If $(S, +,.)$ is a distributive near-semiring, then prove that the subsemigroup $(S^2, +)$ is additive subcommutative.
[ Hints: A non empty set $S$ with two binary operations $'+'$ and $'.'$ is called near-semirirng if the following conditions are satisfied:
$(i) a+(b+c)=(a+b)+c$
$(ii) a.(b.c)=(a.b).c$
$(iii) a.(b+c)=a.b+a.c$ $\forall$ a, b, c $\in S$ (left distributive law)

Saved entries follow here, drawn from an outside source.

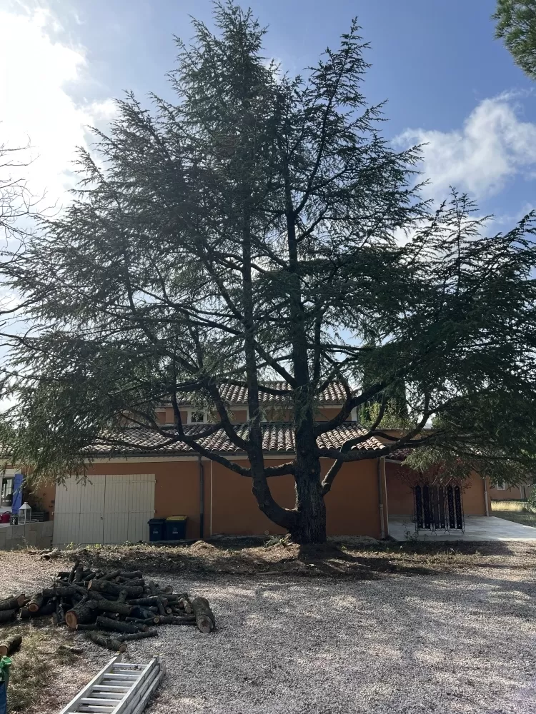 Votre élagueur à Brignoles, a effectué la taille du bois mort et suppression de branches indésirables sur un cèdre, les lauriers-tins ont été supprimés pour aérer le massif.
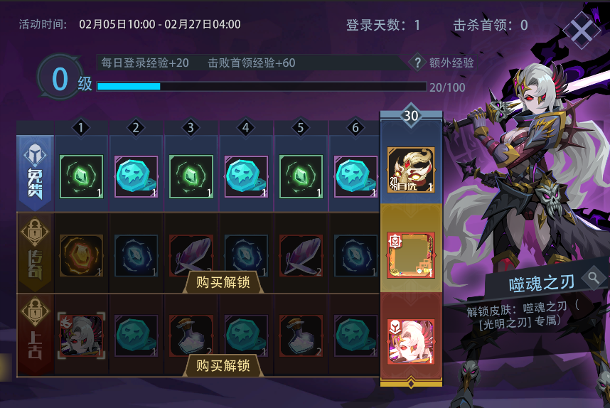 活动内容:活动期间,每日登录或击杀首领可获得经验;提升徽记等级。“免费徽记栏”默认开放,“传奇徽记栏”/“上古徽记栏”则需要购买解锁。徽记达到对应的等级,可领取已解锁栏位的所有对应档位的奖励。
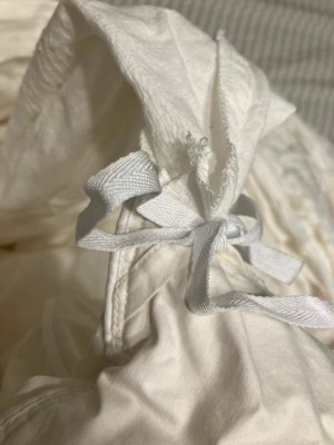 [This review was collected as part of a promotion.] Very elegant. Love the off white color, it looks so classy, It fit my queen size bed well. The button opening made it easy to apply to the down comforter. It washed well and is comfortable!

Distributive near-semiring means in addition with all above three conditions, $(a+b)c=ac+bc$ $\forall$ $a,b,c \in S $ (right distributive law) also satisfied.
A near-semiring $(S,+,.)$ is said to be additive subcommutative if $a+b+c+d=a+c+b+d$ $\forall a,b,c,d \in S$
$ S^2$ defined as $S^2=\{\sum_{i=1}^na_ib_i \mid a_i, b_i \in S, n=1,2,...\}$]
Attempt
Let $a,b,c,d \in S$ then
$(a+b)(c+d)=a(c+d)+b(c+d)=ac+ad+bc+bd$.....(1) (use left and right distributive laws)
$(a+b)(c+d)=(a+b)c+(a+b)d=ac+bc+ad+bd$.....(2) (use left and right distributive laws)
From (1) and (2), we have $ac+ad+bc+bd=ac+bc+ad+bd$ $\forall a, b, c, d \in S$
Is it enough to prove the question? I am not sure!. But exactly we need to prove that $ab+cd+ef+gh=ab+ef+cd+gh$ $\forall a,b,c, d, e, f, g, h \in S$. Am I right? Any body help me.